TBMM Başkanı Mustafa Şentop, Ekonomik İşbirliği Teşkilatı Parlamenter Asamblesi’nin (EİTPA) Azerbaycan Millî Meclisi'nde gerçekleştirilen, “Salgın Sonrası Dönemde İşbirliği: İyileşme Sürecindeki Zorluklar ve Fırsatlar" konulu 3. Genel Konferansı'nda katılımcılara seslendi.

TBMM Başkanı Şentop, EİTPA konferansında konuştu

Şentop, Azerbaycan topraklarının Ermenistan tarafından işgali döneminde yaşananların anlattıklarına örnek olduğunu söyleyerek, "Ermenistan'ın Azerbaycan toprağı Karabağ'da işgalci olduğu birçok uluslararası platformda kabul ve tescil edilmiştir. BMGK, AKPM, AGİT bir çok defa Ermenistan'ın işgalci olduğunu kabul eden kararlar almıştır. İşgalin sona erdirilmesi için AGİT Minsk Grubu oluşturulmuş, ABD, Rusya ve Fransa'nın eş başkanı olduğu bu kurum çalışmalar yapmıştır. 1992'de kuruldu. Tam 30 yıl dünyanın etkili devletlerinin oluşturduğu bir mekanizma Azerbaycan'ın işgal altındaki topraklarıyla alakalı olarak Ermenistan'la yaşadığı sorunu çözmemiştir. Bu sorunun 30 yıl çözülmemesi ve hala sözüm ona çözüm ekibinin görev başında olması ortada esasen bir çözüm iradesinin olmadığını göstermektedir. Uluslararası kurumların, bölge dışı ülkelerin bölgemizdeki ülkelerle ilgili yaklaşımları sorun çözmek yerine sorunları kullanma ve derinleştirme, kendi çıkarlarına alet etme niyetlerinin en güzel göstergesi Azerbaycan'ın 30 yıldır yaşadığı sorundur" diye kaydetti.
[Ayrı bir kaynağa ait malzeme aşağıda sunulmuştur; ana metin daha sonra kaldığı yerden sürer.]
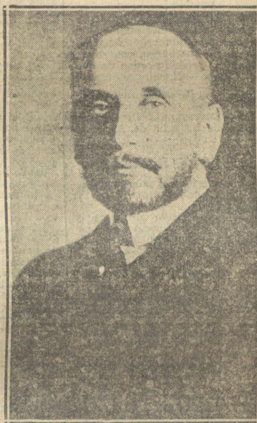
SERGIO SAZONOFF, ministro de Negocios Extranjeros de Rusia.

tos novísimos acorazados «Francia» y «París», que ya casi se hallan en situación de entrar en línea de combate.
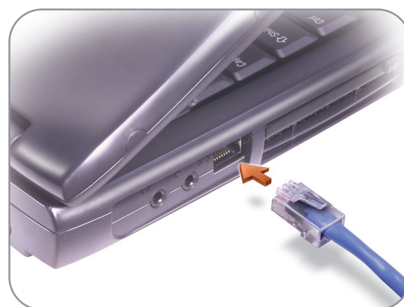
Network Option ネットワークオプション 网络选件
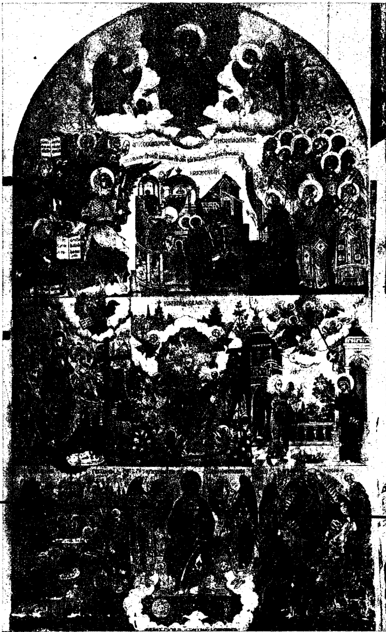
22. Εἰκὼν μετὰ τῆς ἐπιγραφῆς: «Ἐπὶ Σοὶ χάρις» (εἰκὼν τοῦ Βυζαντινοῦ Μουσείου).
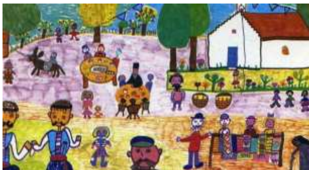
Παιδική ζωγραφιά για το Πάσχα (Μουσείο Παιδικής Τέχνης)

Η λέξη Πάσχα προέρχεται από την εβραϊκή λέξη Πεσσάχ που σημαίνει πέρασμα.
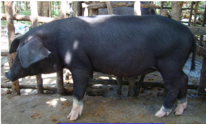
ពូជជ្រូកកណ្តុរកូនកាត់
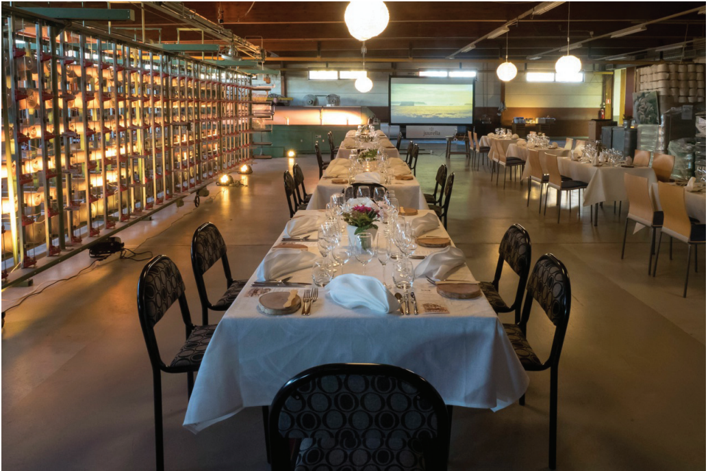
Kuva 5. Jokipiin Pellavan tehdasrakennukseen toteutettu ravintolasali.

Molemmissa musiikkityyleissä on kyse Silénin näkemyksen mukaan yksinkertaisesti esitetystä ja "tavallisen kansan keskuudessa syntyneestä" musiikista. Eri kappaleiden aiheet muistuttivat toisiaan: laulettiin työstä, rakkaudesta, onnesta ja vastoinkäymisistä.
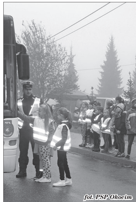
fol. PSP Okocim
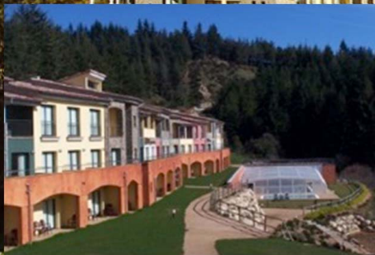
Vilar Rural Sant Hilari Sacalm
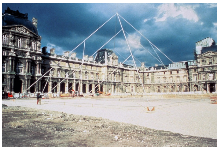
Simulation de la Pyramide dans la cour Napoléon, mai 1985
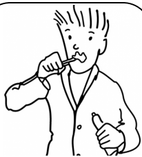
Se brosser les dents
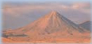
„Explora Hotel“ in der Atacama-Wüste
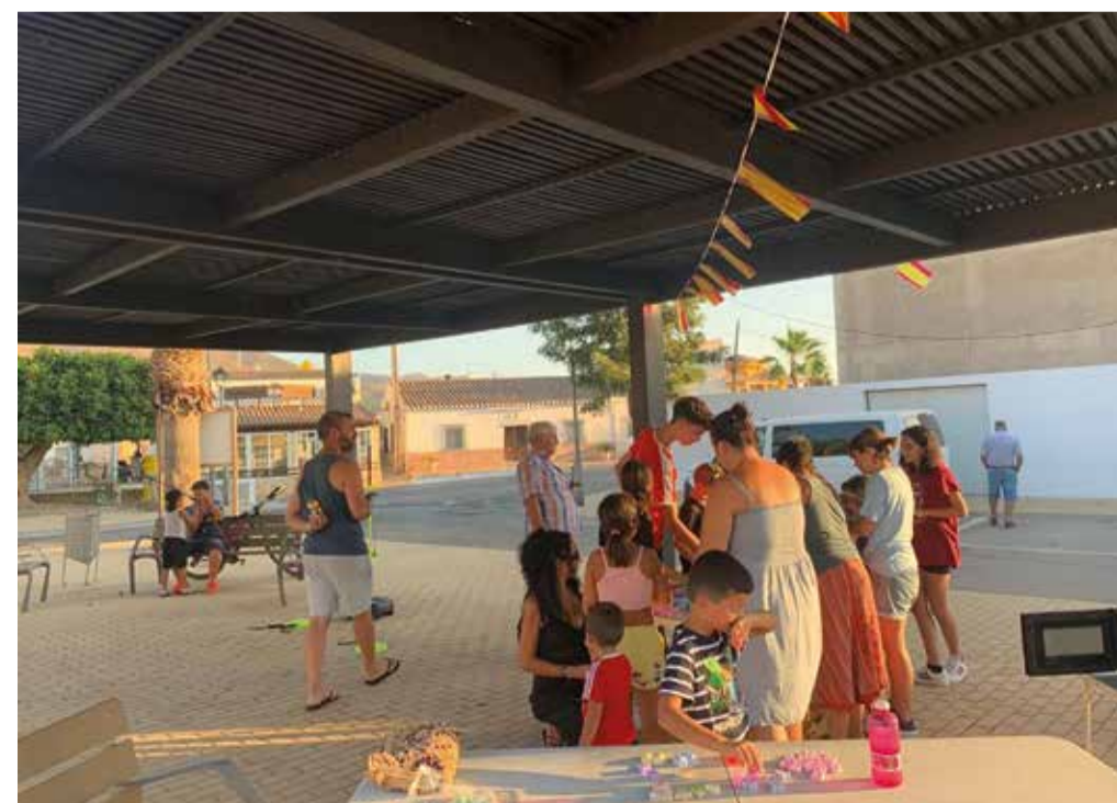
Taller de jabón para los peques y no tan peques
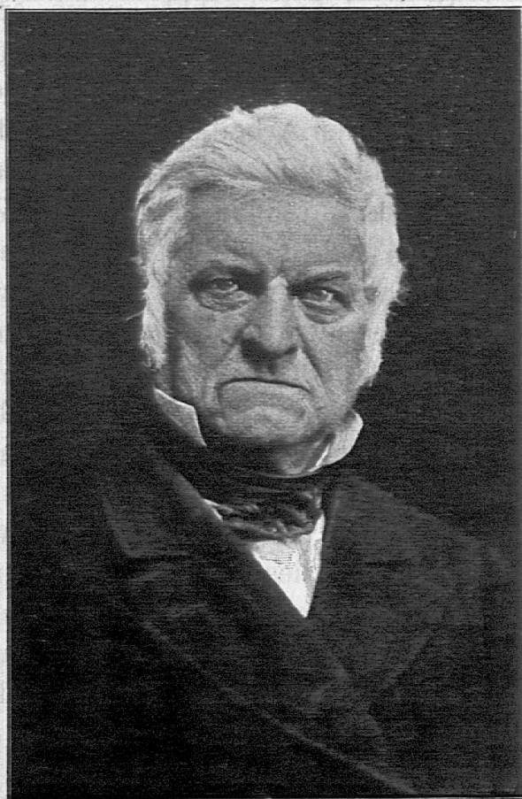
AUGUSTIN KELLER (1805—1883).

und gelehrt wurde, musste von uns zu Hause dem Inhalte nach „aufgesagt“ und oft auch niedergeschrieben werden. Wer nichts aus der Predigt sagen konnte, musste an der Ofenbank zu Mittag essen. Unterstützt von meinem Gedächtnisse, bekam ich nach und nach eine solche Übung im Auffassen von Vorträgen, dass ich bereits im zwölften Jahre jede Predigt ziemlich vollständig nachpredigte. Und als um diese Zeit mein mütterlicher Oheim infolge einer Krankheit erblindete, war ich alle Sonn- und Feiertage verpflichtet, ihm die angehörte Predigt vorzutragen und einen Abschnitt aus der Heil. Schrift oder aus der damals erscheinenden Kirchengeschichte von Stollberg vorzulesen.
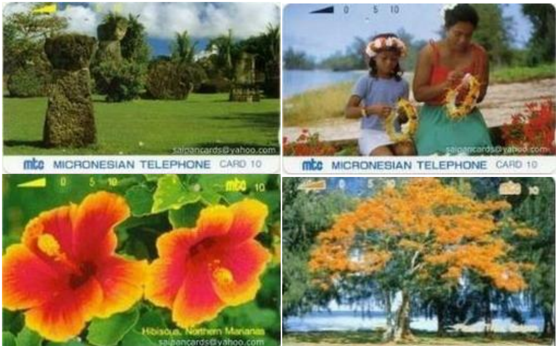
*ILHAS MARIANAS (MICRONÉSIA) – Cartões Telefônicos de diversas datas e temas.
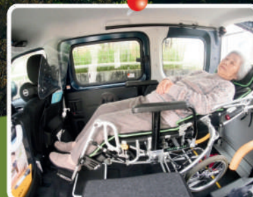
背もたれを倒したままご乗車いただけます
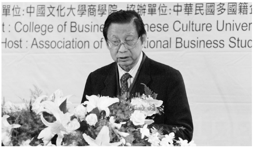
單位：中國文化大學商學院、協辦單位：中華民國多國籍企業國際學術研討會、主辦單位：College of Business Administration, Chinese Culture University、Host: Association of International Business Studies

張董事長以三個論述，期許作為國家政府以及國際投資代理機構為獲得外來直接投資效益所採取任何行動的指引。第一雖然外來直接投資可幫助國家在全球化時獲益並協助經濟發展，但不可以將其視為解決經濟問題的萬用藥。張董事長認為，「創新的願景、重要機構的建立、以及文化認同和信仰體系對這國家是非常重要的」。其次，政策制定者需要從過去成功及失敗的經驗學習，需要學習相類似的國家的發展經驗，但不應受制於這些成功、失敗及經驗。第三點則為鑑於外國直接投資對經濟發展貢獻的認知，以及對全球人類環境論點的改變，國
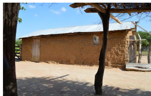
Fig. 3: Casa en Ranchería Ware Ware

Inicialmente, la ranchería de Ware Ware, ubicada al norte de la zona de operaciones mineras; en esta ranchería la dirección del viento es en sentido norte a sur, lo cual permitiría interpretar que el aire que llega a esta comunidad se encuentra libre de partículas producto de la minería. Sin embargo, se encuentran otros tipos de inconvenientes; la población se ve completamente afectada por la problemática del agua; la empresa El Cerrejón ha dejado a un lado a la comunidad y a pesar de que no son afectados por los vientos de la minería, el arroyo Bruno que es su principal fuente hídrica está contaminado por el proceso minero, los habitantes y animales de esta población ya no pueden usar esta agua para su consumo, ya que esta fuente ha venido recogiendo y transportando desechos del complejo minero. Precisamente sobre la problemática del agua, una circunstancia preocupante es el desvío de dicho arroyo, realizado por la empresa minera con el fin de explotar el carbón del subsuelo. Sobre este hecho, la empresa el Cerrejón afirma que a pesar de la modificación del cauce del arroyo, éste se comporta igual que antes.
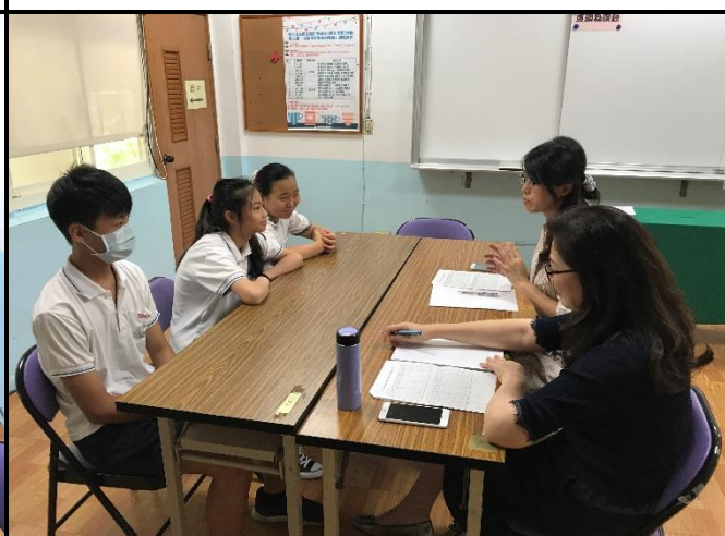
瑞蓉老師向三位學生代表提出問題
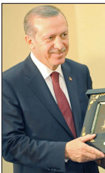
الرئيس الصومالي حسن شيخ محمود يهدي نظيره التركي رجب طيب اردوغان اعلى وسام في الصومال

مقديشيو - الأناضول: تعهد الرئيس التركي رجب طيب اردوغان، مساء أمس، ببناء 10 آلاف وحدة سكنية جديدة في مقديشيو، إضافة إلى إعادة ترميم وتوسيع ميناء مقديشيو الدولي.
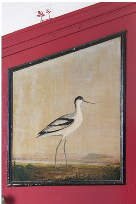
Panneau supérieur du placard situé près de l'escalier menant à l'étage, représentation de courlis. 70, Faverney, 1 rue Molière
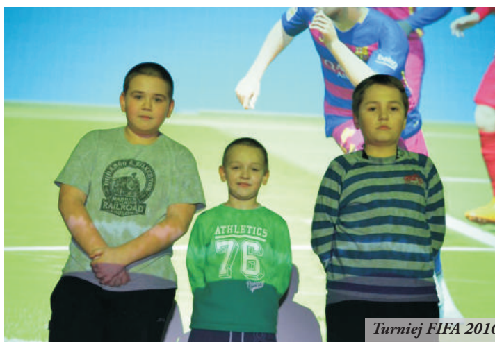
Turniej FIFA 2016 na ekranie kinowym
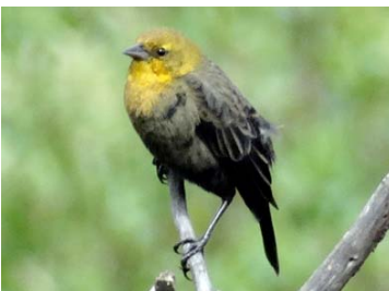
51 Chrysomus icterocephalus ♀ ICTERIDAE
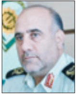
سردار حسین رحیمی

دکتر شیری معتقد است: «در خودنمایی در ذات یک دختر یا پسر نوجوان هست و بنابراین نمی‌توان فقط هلیا را مقصر دانست. او محصول شرایط ایجاد شده‌است. در سن رشد این گرایش خودنمایی وجود دارد حال گاهی در درگیری و گاهی در کلاس درس طبیعتاً برای خاندانی می‌خواهد در شرایط جامعه ما جذاب‌تر باشد به این گونه بروز می‌کند. می‌گویند نگرانیم. مشکل ما همین است که نگرانیم ولی کاری انجام نمی‌شود. مشکل دیگر اینکه نگرانیم هلیا الگوی دختران دیگر شود. این نگرانی در زمان‌های قبل نیز مطرح شد، ولی ما فرصت‌های طلایی را به دلیل بعضی بی‌تدبیری‌های ذات دست دادیم. اتفاقات در حوزه فرهنگ را باید مثل کوبیخ شناور دید. ما قسمت جزئی آن را می‌بینیم ولی قسمت اعظم آن زیر آب است و دیده نمی‌شود. نزاع خیابانی بین دختران سال‌هاستی دیده می‌شود ولی کلاس نشین را تا حالا ندیده بودیم. زمانیکه وارد اجتماع می‌شویم سعی می‌کنیم رفتارمان را کنترل کنیم اگر به جایی برسد که این کنترل انجام نشود همه چیز غیر قابل کنترل می‌شود و بدلیتم اتفاقات دیگری هم خواهد افتاد. شخصیت اجتماعی اگر غالب شود این مخاطرات را خواهد داشت. امروز هلیا را فراد دیگری را خواهیم دید.»
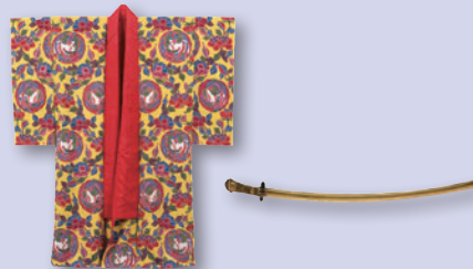
▲黄色地鳳凰牡丹 文様紅型縮緬袷衣裳
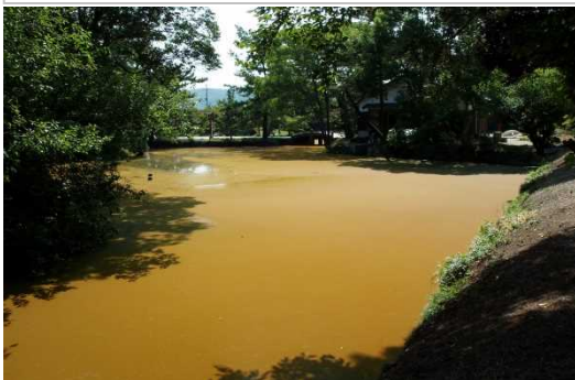
汚水 3333 坪浄化前 体と汚水は同調

細胞はコンピューターと同じ電子構成。認知症は食の酸化で血液が汚れ記憶を司る脳幹海馬通電が 悪く成り…過去の記憶遮断される【認知症・痴呆】脳の血汚れと生体電子不足。蘇る水は切れた 電球が点灯する蘇生電子含み…脳の血液浄化。脳細胞を電子活性。細胞返若返る類の無い技術です
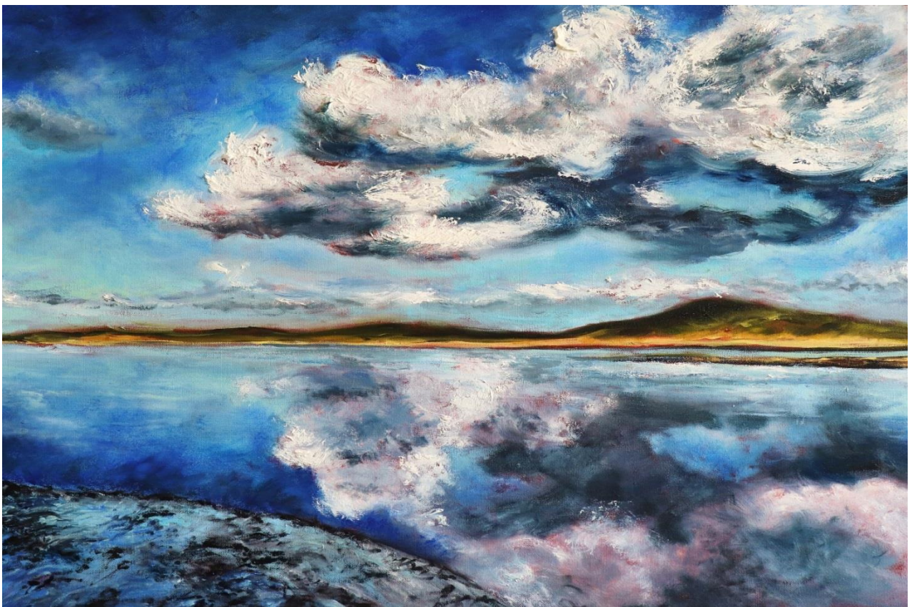
Baie de Canche, 2019 (Huile sur toile, 54x65 cm)
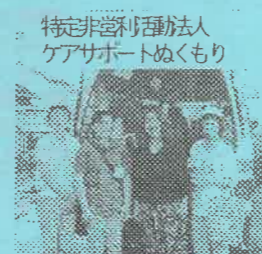
特定非営利活動法人 ケアサポートぬくもり
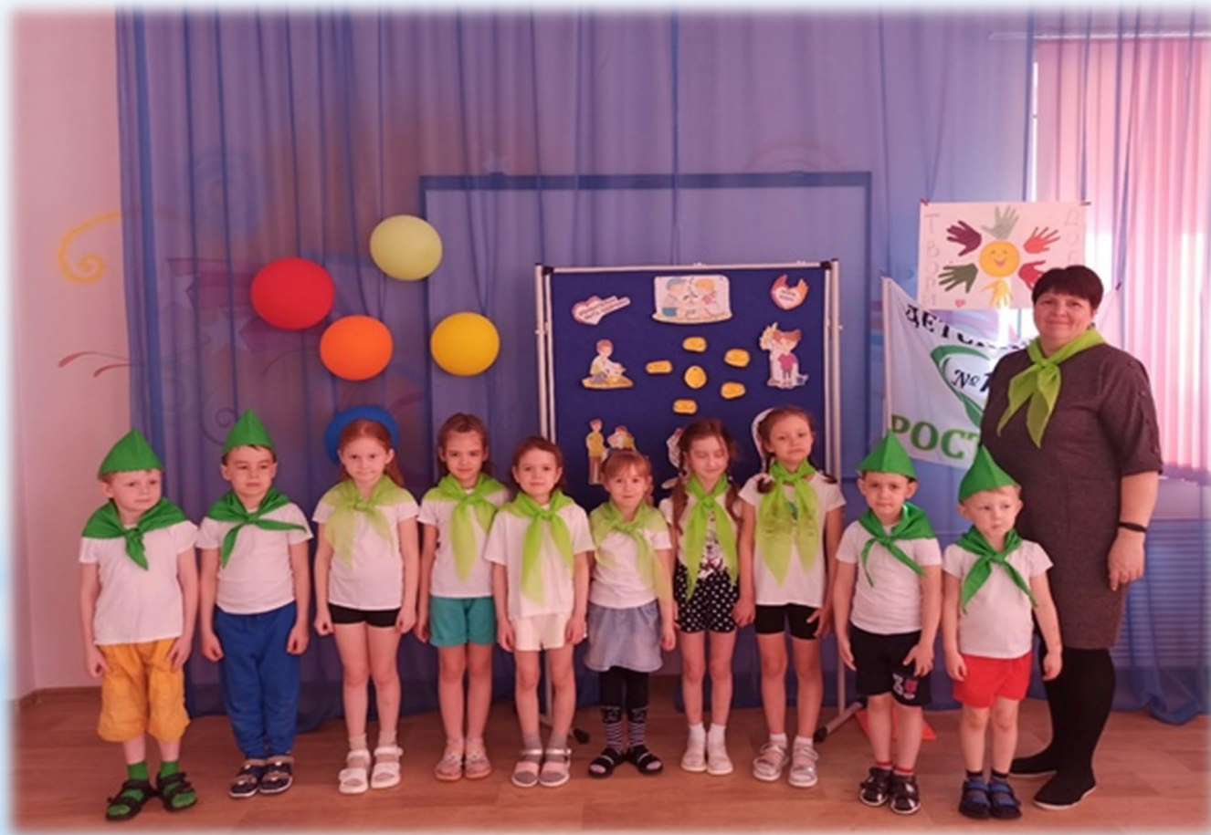
Посвящение в волонтеры
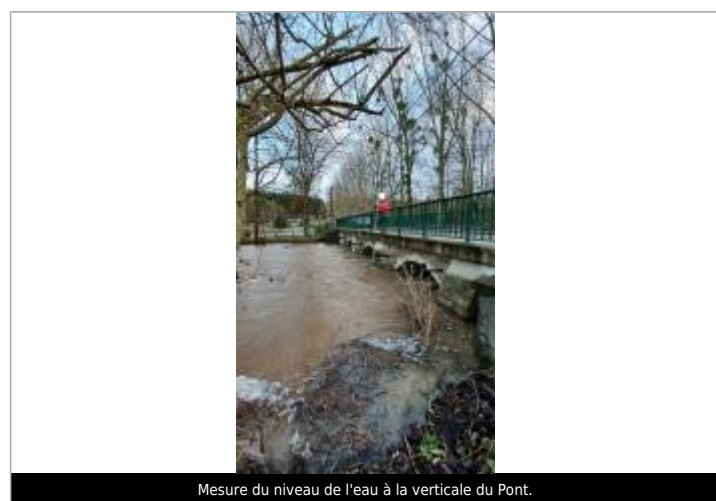
Mesure du niveau de l'eau à la verticale du Pont.
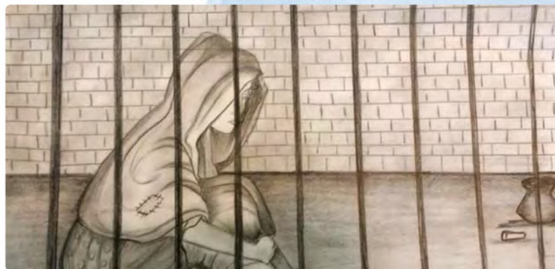
Unidos en oración a todos los cristianos que sufren prisión por su fe.

También puedes colaborar aportando tu donativo a: Cuenta SIT-España, Orden Stma. Trinidad Banco Popular: ES85 0075 0010 08 0703873352 BBVA: ES66 0182 1344 96 0200019370
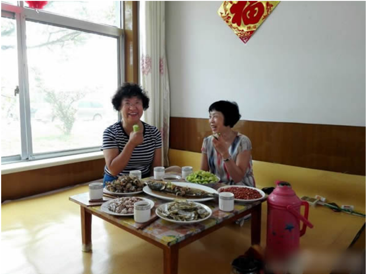
沈阳远大的申副总经理和刘工程师在威海乳山的董事长家里，好亲切啊！坐在炕上的感觉真好！
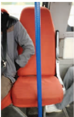
让人无语的公交座位
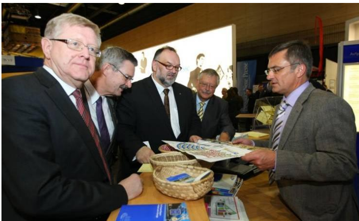
Der abschließende Messerundgang führte auch zum Informationsstand des bayerischen Landtags.
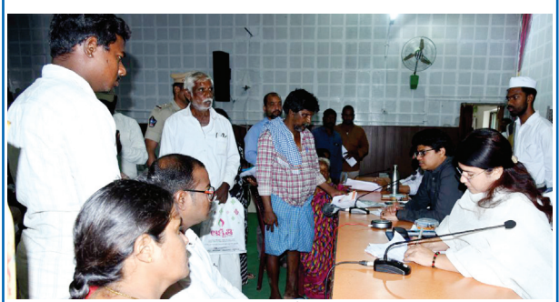
ప్రజలు ఇచ్చిన ఫిర్యాదులను పరిశీలిస్తున్న కలెక్టర్ రాజకుమారి

నంద్యాల కల్చరల్, మేజర్ న్యూస్ : ప్రజా సమస్యలను క్షేత్రస్థాయిలో పరిశీలించి నాణ్యతతో వేగంగా పరిష్కరించాలని జిల్లా కలెక్టర్ రాజకుమారి అధికారులను ఆదేశించారు. సోమవారం కలెక్టరేట్ లోని పిజిఆర్.ఎస్ హాలులో జిల్లా నలుమూలల మూలల మిగతా 2లో |
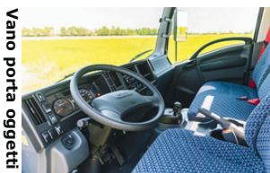
Vano porta oggetti
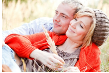
Suche die große Liebe

'KOMŞU ÜLKELERDEKİ BARIŞ GÖRÜŞMELERİNİ DAİMA DESTEKLEDİK'

Azerbaycan'ın nihayet işgal altındaki topraklarını bizzat kendisinin kurtardığını hatırlatan Şentop, "Kahraman kardeş Azerbaycan halkını ve değerli lideri Cumhurbaşkanı Aliyev'in tekrar tebrik ediyorum. Bu süreçte Türkiye olarak her şart altında kardeş Azerbaycan'ın yanında yer aldık, daima haklı davasında destekçi olduk, bundan sonra da destekçi olmaya devam edeceğiz. Karabağ Azerbaycan'dır. Türkiye olarak Azerbaycan'ın sadece dost ve kardeş ülke olduğu için değil Azerbaycan tarihen ve hukuken haklı olduğu için destekledik. Haklı bir dava için mücadele ediyorlardı. Ama bir mesele daha var. Bu konu sadece iki ülke arasındaki bir mesele olmaktan çıkmış ve bölge barışını tehdit eder hale gelmişti. Barış ve istikrardan yana olmak bu sorunun çözümüyle yetinilmemeyi icap ettiriyor. Bölge barışı için makul, insaflı, adil bir anlaşma sağlanması ve barış için birlikte çalışılmasını da gerekli kılıyor. Komşu ve bölge ülkeler arasındaki barış görüşmelerini daima destekledik" dedi.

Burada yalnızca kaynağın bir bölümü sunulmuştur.